7. The method according to claim 1, characterized in that, The preset knowledge graph includes a second mapping table, which includes a number of pre-established correspondences between micro-nodes and meso-nodes and a second weight. Based on the micro-subnet, determine the micro-node matching the meso-node at the starting position of the meso-link, and the micro-link where the matching micro-node is located, including: Based on the second mapping table, determine the micro node corresponding to the meso node at the starting position; When the number of corresponding micro-nodes is greater than or equal to 2, and the difference between the largest second weight and the remaining second weights is less than or equal to the second preset difference, a second detection prompt is issued based on the corresponding micro-node, so that the matching micro-node can be determined after obtaining the second detection result corresponding to the second detection prompt.

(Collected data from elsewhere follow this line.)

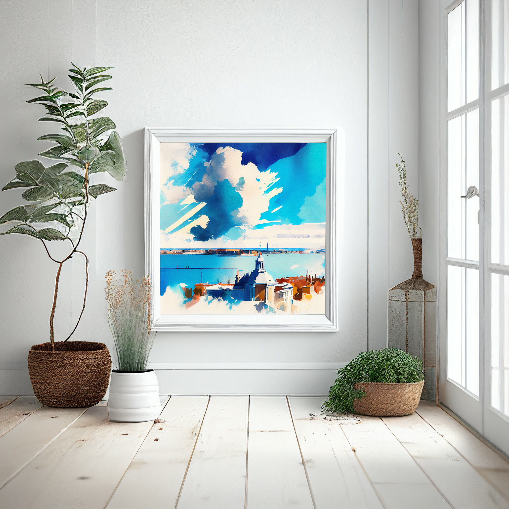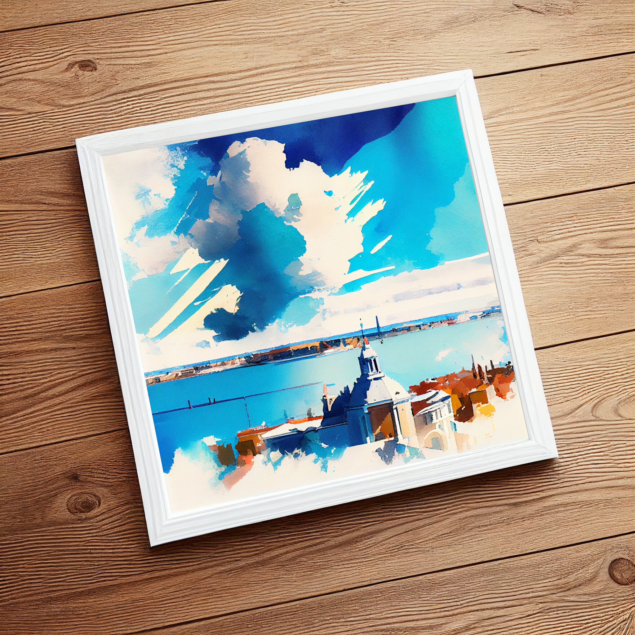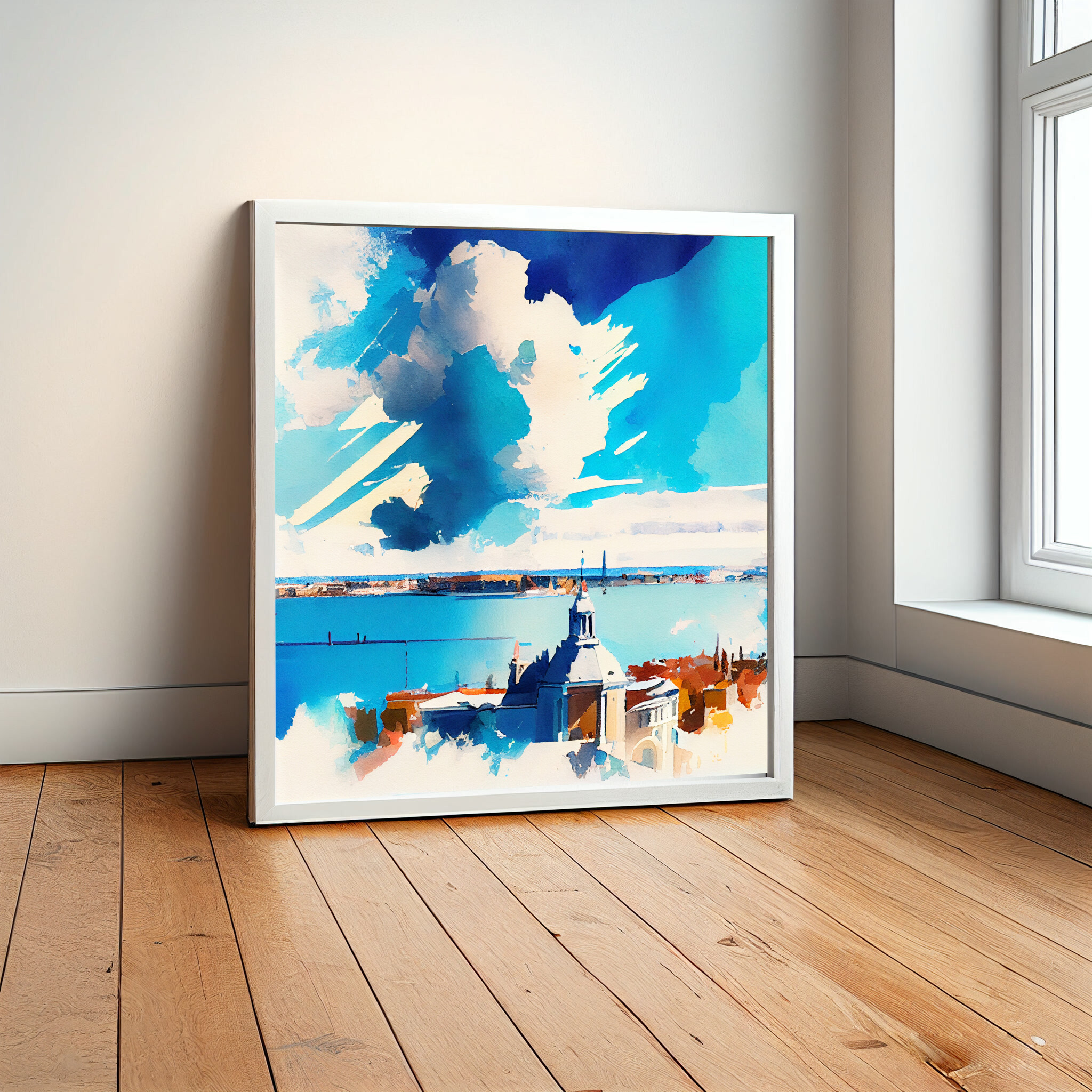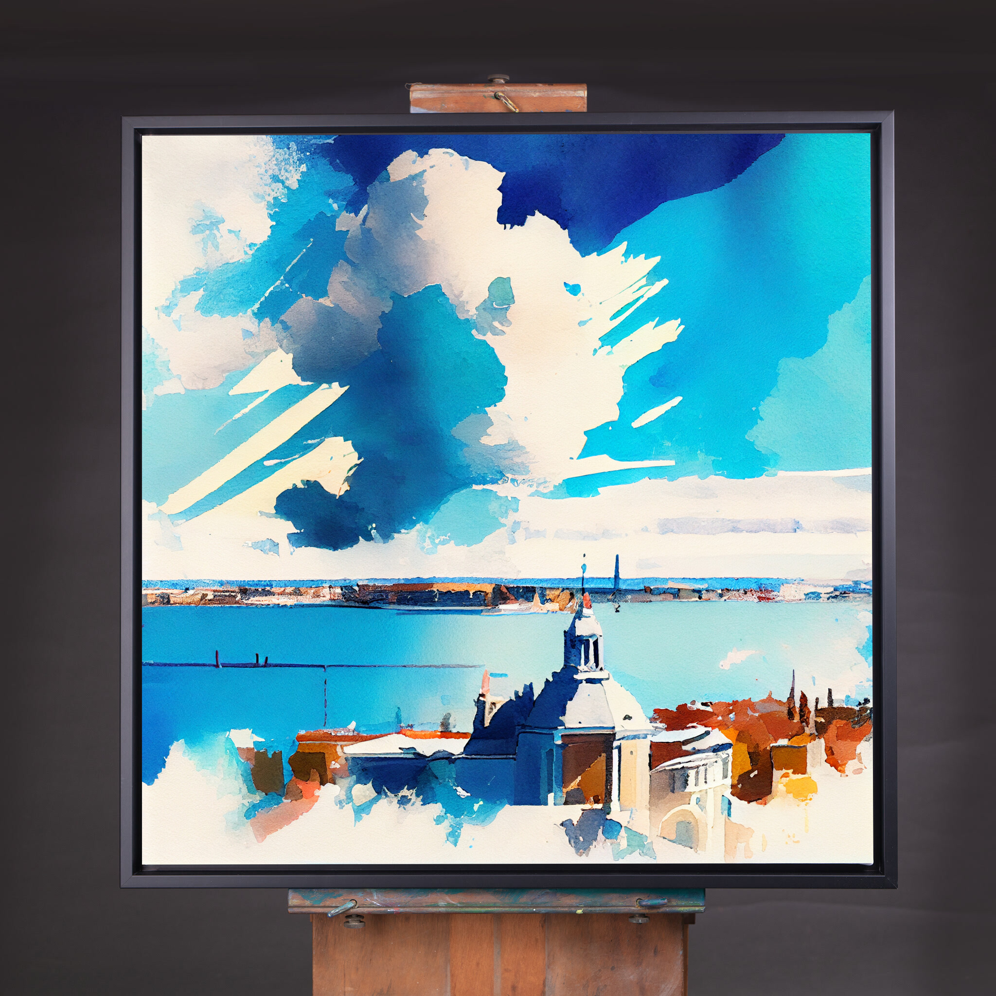 This stunning watercolor captures the romantic skyline of Venice in impressionist style. Dominated by blue art, the painting reflects the tranquil and captivating nature of this historic city. The sweeping clouds and serene waters evoke a sense of peace and elegance. Perfectly suited for living room art, bedroom decor, or even as office art, this versatile piece enhances any space with its serene qualities.
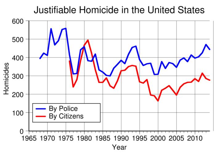 | Keywords: Justifiable homicide in the US.svg en Justifiable homicide in the United States from FBI UCR tables 14 and 15 http //www fbi gov/about-us/cjis/ucr/crime-in-the-u s/2012/crime-in-the-u s -2012/offenses-known-to-law-enforcement/expanded-offense/expandedoffensemainhttps //www fbi gov/about-us/cjis/ucr/crime-in-the-u s/2013/crime-in-the-u s -2013/offenses-known-to-law-enforcement/expanded-offense/expandedoffensemain_finalhttps //www fbi gov/about-us/cjis/ucr/crime-in-the-u s/2014/crime-in-the-u s -2014/offenses-known-to-law-enforcement/expanded-offense 1976-1998 datahttp //www prisonpolicy org/scans/bjs/ph98 pdf andhttp //dailykenn com/522 pdf 1968-1975 datahttp //www bjs gov/content/pub/ascii/ph98 txt de Totschlag aus Notwehr in den Vereinigten Staaten 2014-08-18 own Delphi234 other versions File United States Justifiable Homicide png current annually Generated with Wikimedia SVG Chart 1 cc-zero Uploaded with UploadWizard Homicide statistics |
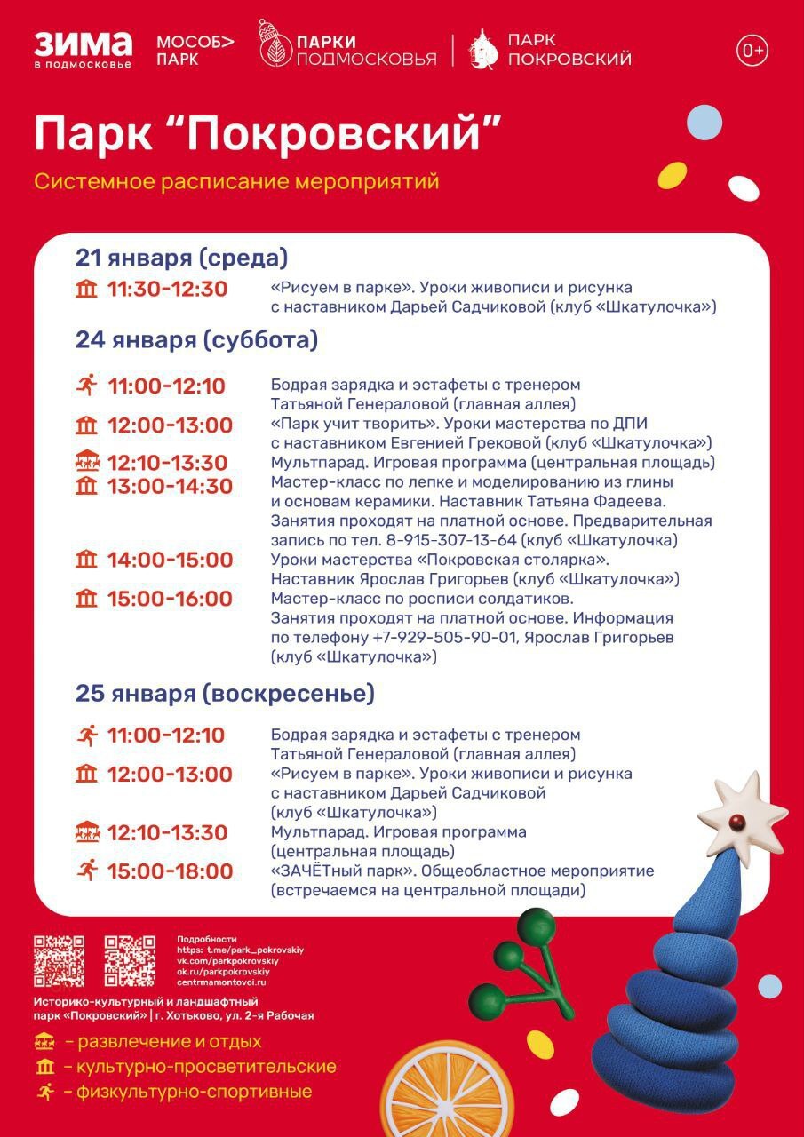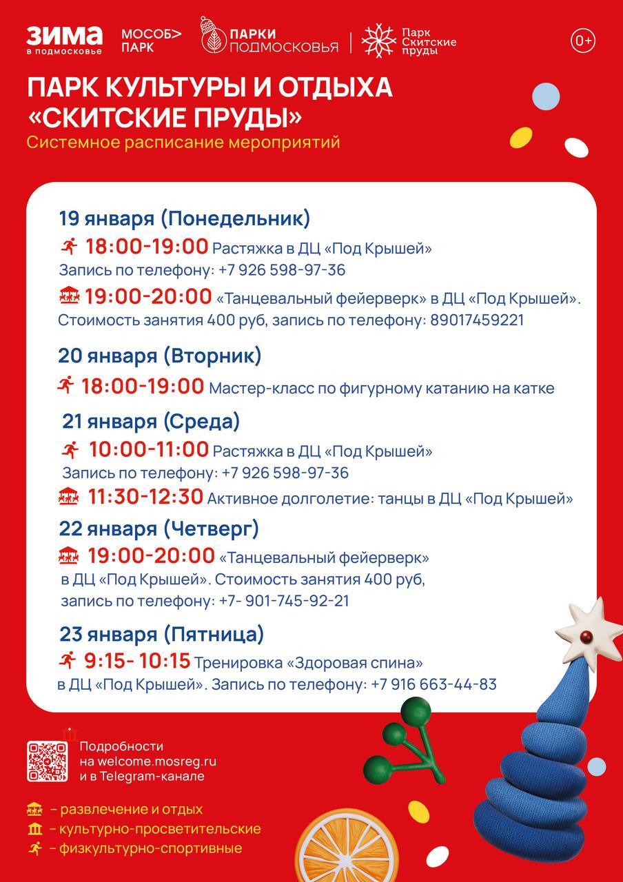 В парке «Скитские пруды» в Сергиевом Посаде пройдут мастер-класс по фигурному катанию на катке, танцы от клуба «Активное долголетие», тренировка «Здоровая спина», творческий мастер-класс, еженедельные старты «5 верст», мероприятие «Зачетный парк» и многое другое.
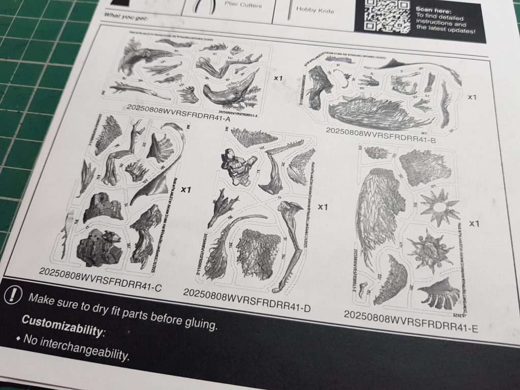 Sprue diagrams, helpfully included on the first page of the instructions. Para Bellum's packaging leaves a bit to be desired: a few components had already popped themselves out of the frame when I first opened the box.For the most part the kit goes together fine. Para Bellum has provided good instructions, a sheet of supplementary building tips, and an ">hour-long tutorial video on YouTube to help you through the build process.
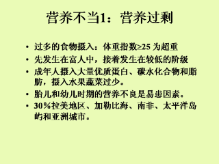 超重是指那些体重指数(BMI)大于25的人,体重指数大于30的人常变得有问题。当营养过剩成为一个社会的问题时,它首先发生在富人中,然后是较低的阶级,甚至是穷人。通常是穷人缺乏高质量的食物,导致超重,最终以更糟糕的营养不良结束。速食产品,汽水(Coke,
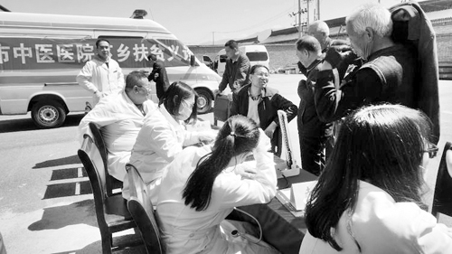 胡家溝村有貧困戶80戶。市委老干部局從2015年開始進(jìn)行幫扶,緊緊圍繞“一戶一名技術(shù)工,做好精準(zhǔn)扶貧”的工作思路,在技能培訓(xùn)、項(xiàng)目實(shí)施、基礎(chǔ)建設(shè)、教育援助、文藝活動(dòng)等方面開展了大量卓有成效的工作,在2016年底取得了整村脫貧的好成績。這次健康扶貧行動(dòng),是市委老干部局認(rèn)真貫徹全市脫貧攻堅(jiān)大會(huì)精神,鞏固成績、持續(xù)發(fā)力,不斷推進(jìn)幫扶成果的具體體現(xiàn)。針對村民對疾病預(yù)防和治療方面的需求,市委老干部局聯(lián)系市中醫(yī)院組織了義診活動(dòng)。市中醫(yī)院內(nèi)科、外科、心內(nèi)科等多個(gè)科室的9名醫(yī)務(wù)骨干和老專家,為貧困村民把脈問診、開方治療,使106名村民得到診療。
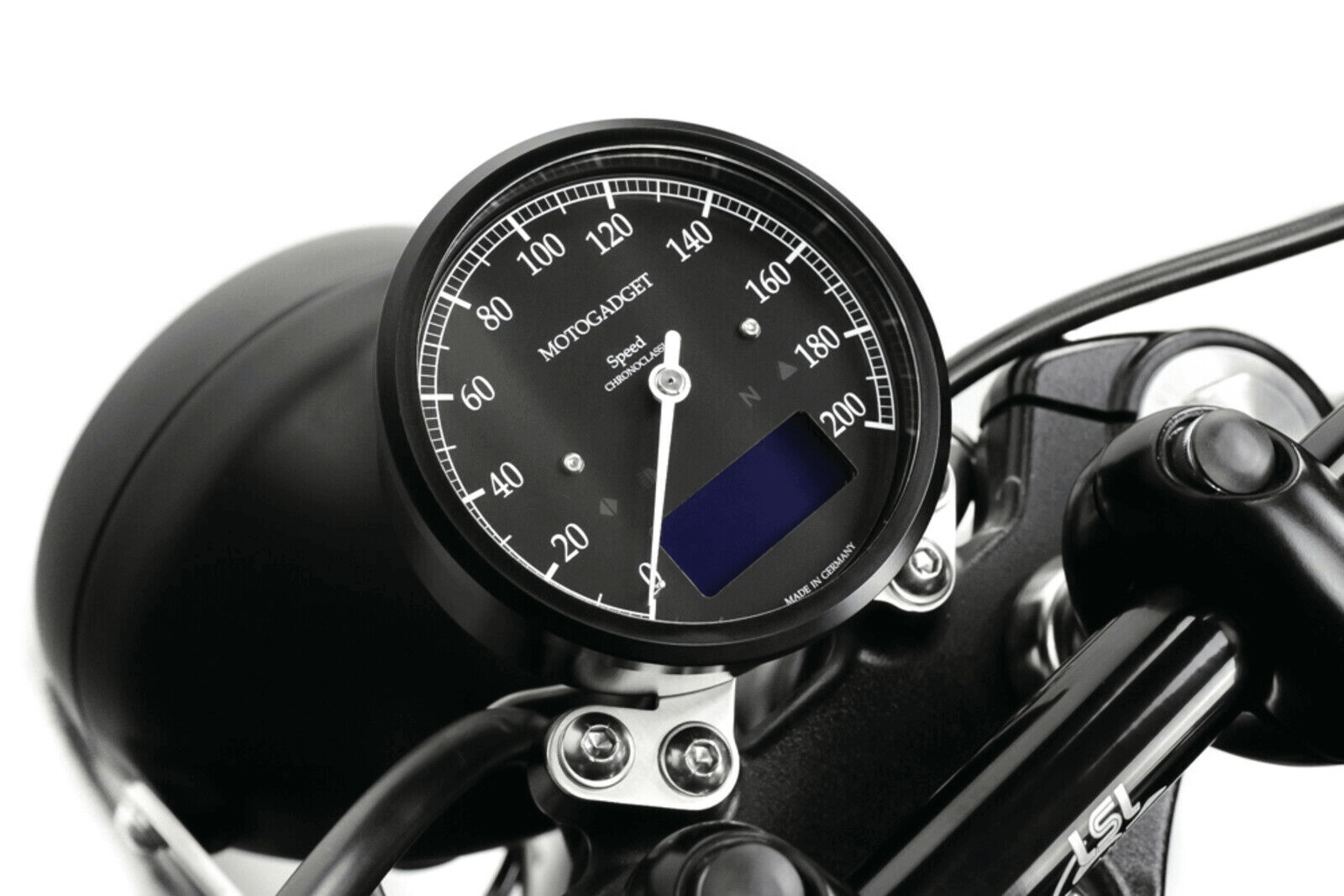 - Nette voorkant, dankzij de welgevormde Motoscope Chronoclassic-snelheidsmeter

8. The method according to claim 7, characterized in that, After issuing the second detection prompt based on the corresponding micro-node, the method further includes: Upon receiving the second detection result, molecular information with the same semantics as the second detection result is obtained; Increase the second weight of the micro-nodes corresponding to the semantically identical molecular information in the second detection result to improve the correlation between the meso-nodes and the corresponding micro-nodes.
9. An electronic device, characterized in that, The electronic device includes a processor and a memory coupled together, the memory storing a computer program that, when executed by the processor, causes the electronic device to perform the method as described in any one of claims 1-8.
10. A computer-readable storage medium, characterized in that, The computer-readable storage medium stores a computer program that, when run on a computer, causes the computer to perform the method as described in any one of claims 1-8.